[[ SUPPLIED DATA, beginning ]]

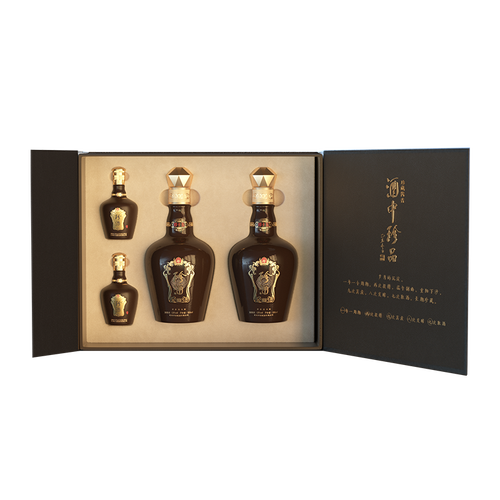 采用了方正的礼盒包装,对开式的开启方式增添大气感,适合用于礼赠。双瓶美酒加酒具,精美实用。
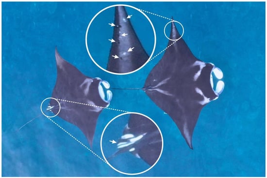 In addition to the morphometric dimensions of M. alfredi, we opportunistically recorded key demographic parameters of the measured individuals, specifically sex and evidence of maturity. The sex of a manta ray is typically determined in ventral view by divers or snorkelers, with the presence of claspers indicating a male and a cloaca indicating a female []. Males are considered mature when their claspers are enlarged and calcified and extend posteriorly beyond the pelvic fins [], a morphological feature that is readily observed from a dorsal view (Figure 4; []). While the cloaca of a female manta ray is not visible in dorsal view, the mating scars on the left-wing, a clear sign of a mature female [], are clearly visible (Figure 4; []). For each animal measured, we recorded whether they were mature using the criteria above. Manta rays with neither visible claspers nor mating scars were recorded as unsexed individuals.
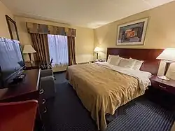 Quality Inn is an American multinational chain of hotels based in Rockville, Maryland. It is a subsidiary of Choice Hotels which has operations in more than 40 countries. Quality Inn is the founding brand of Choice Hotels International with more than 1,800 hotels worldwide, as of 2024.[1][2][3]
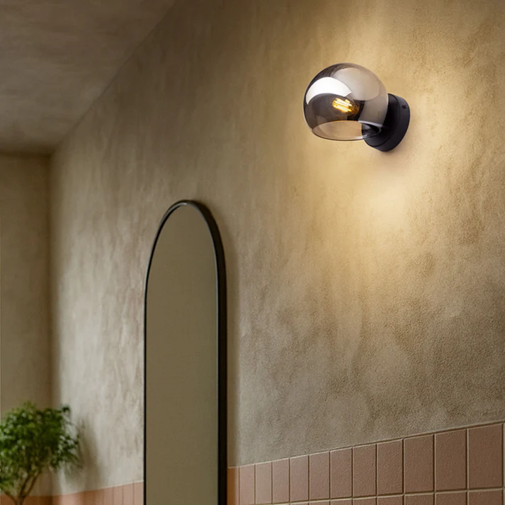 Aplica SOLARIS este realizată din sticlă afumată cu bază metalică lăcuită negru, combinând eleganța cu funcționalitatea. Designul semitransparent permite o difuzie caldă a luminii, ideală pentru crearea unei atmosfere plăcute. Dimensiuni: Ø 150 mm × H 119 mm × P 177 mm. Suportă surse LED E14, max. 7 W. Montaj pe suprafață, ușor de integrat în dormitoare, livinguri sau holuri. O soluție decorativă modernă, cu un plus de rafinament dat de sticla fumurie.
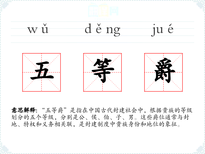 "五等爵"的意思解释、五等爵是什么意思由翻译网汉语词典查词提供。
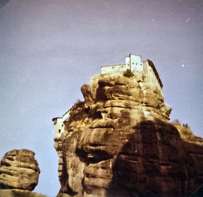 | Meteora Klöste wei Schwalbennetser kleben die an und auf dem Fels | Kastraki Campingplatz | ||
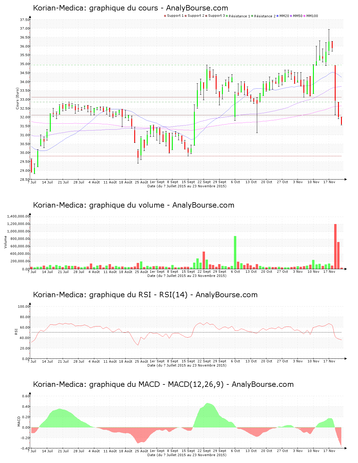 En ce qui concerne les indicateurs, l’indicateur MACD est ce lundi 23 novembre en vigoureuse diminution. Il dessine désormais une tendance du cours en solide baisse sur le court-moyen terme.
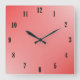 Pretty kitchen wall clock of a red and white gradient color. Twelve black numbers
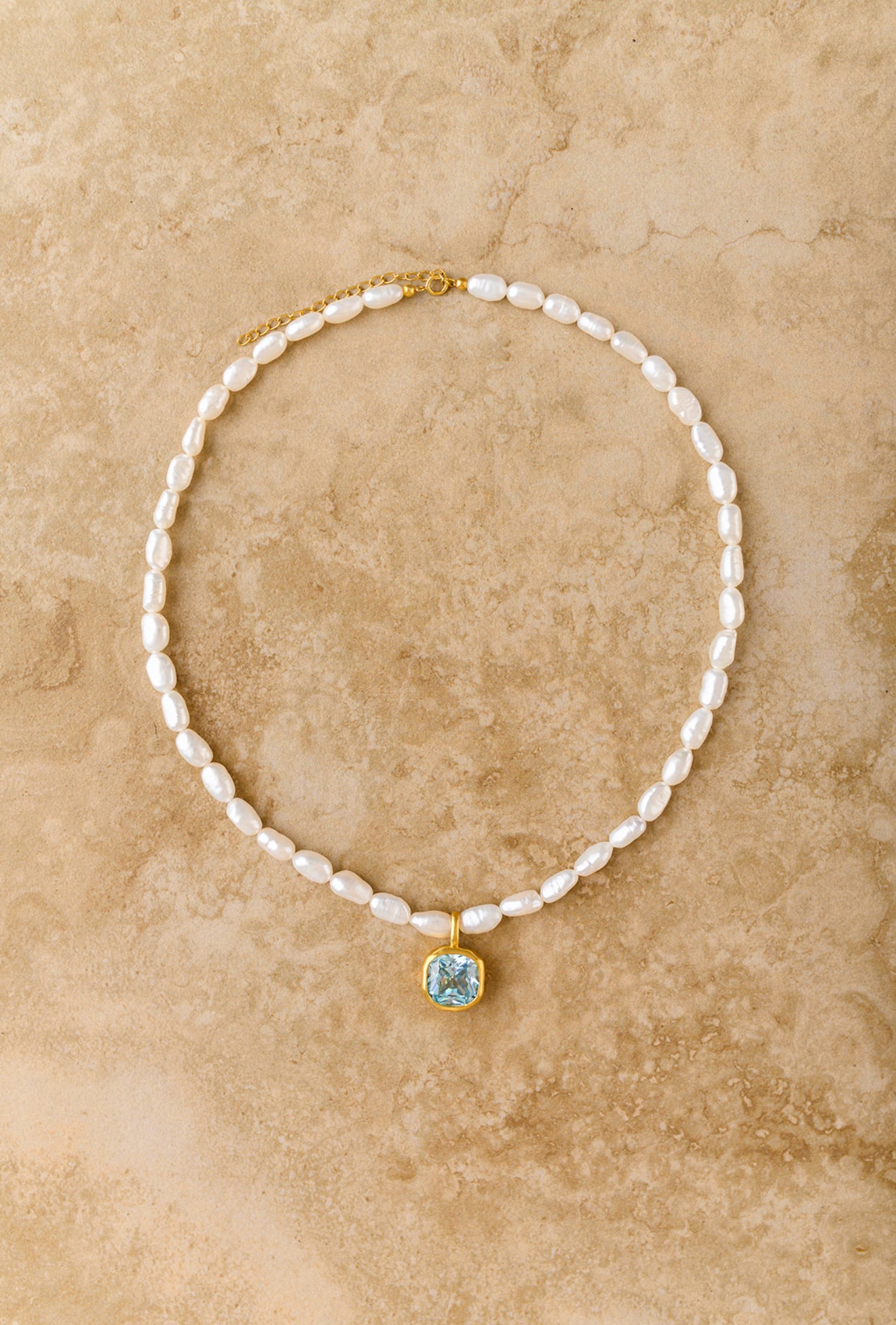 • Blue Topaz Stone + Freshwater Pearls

[[ SUPPLIED DATA, end ]]
[[ SUPPLIED DATA, beginning ]]

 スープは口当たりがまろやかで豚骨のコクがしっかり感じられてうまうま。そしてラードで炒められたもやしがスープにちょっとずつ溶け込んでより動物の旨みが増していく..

[[ SUPPLIED DATA, end ]]

• [PROBLEM TO SOLVE]: Repeat only the stretch of data above that runs from the line with "采用了方正的礼盒包装,对开式" to the line with "Stone + Freshwater Pearls". Keep both end lines; exclude pictures.

• [EXERCISE SOLUTION]:
 采用了方正的礼盒包装,对开式的开启方式增添大气感,适合用于礼赠。双瓶美酒加酒具,精美实用。
 In addition to the morphometric dimensions of M. alfredi, we opportunistically recorded key demographic parameters of the measured individuals, specifically sex and evidence of maturity. The sex of a manta ray is typically determined in ventral view by divers or snorkelers, with the presence of claspers indicating a male and a cloaca indicating a female []. Males are considered mature when their claspers are enlarged and calcified and extend posteriorly beyond the pelvic fins [], a morphological feature that is readily observed from a dorsal view (Figure 4; []). While the cloaca of a female manta ray is not visible in dorsal view, the mating scars on the left-wing, a clear sign of a mature female [], are clearly visible (Figure 4; []). For each animal measured, we recorded whether they were mature using the criteria above. Manta rays with neither visible claspers nor mating scars were recorded as unsexed individuals.
 Quality Inn is an American multinational chain of hotels based in Rockville, Maryland. It is a subsidiary of Choice Hotels which has operations in more than 40 countries. Quality Inn is the founding brand of Choice Hotels International with more than 1,800 hotels worldwide, as of 2024.[1][2][3]
 Aplica SOLARIS este realizată din sticlă afumată cu bază metalică lăcuită negru, combinând eleganța cu funcționalitatea. Designul semitransparent permite o difuzie caldă a luminii, ideală pentru crearea unei atmosfere plăcute. Dimensiuni: Ø 150 mm × H 119 mm × P 177 mm. Suportă surse LED E14, max. 7 W. Montaj pe suprafață, ușor de integrat în dormitoare, livinguri sau holuri. O soluție decorativă modernă, cu un plus de rafinament dat de sticla fumurie.
 "五等爵"的意思解释、五等爵是什么意思由翻译网汉语词典查词提供。
 | Meteora Klöste wei Schwalbennetser kleben die an und auf dem Fels | Kastraki Campingplatz | ||
 En ce qui concerne les indicateurs, l’indicateur MACD est ce lundi 23 novembre en vigoureuse diminution. Il dessine désormais une tendance du cours en solide baisse sur le court-moyen terme.
 Pretty kitchen wall clock of a red and white gradient color. Twelve black numbers
 • Blue Topaz Stone + Freshwater Pearls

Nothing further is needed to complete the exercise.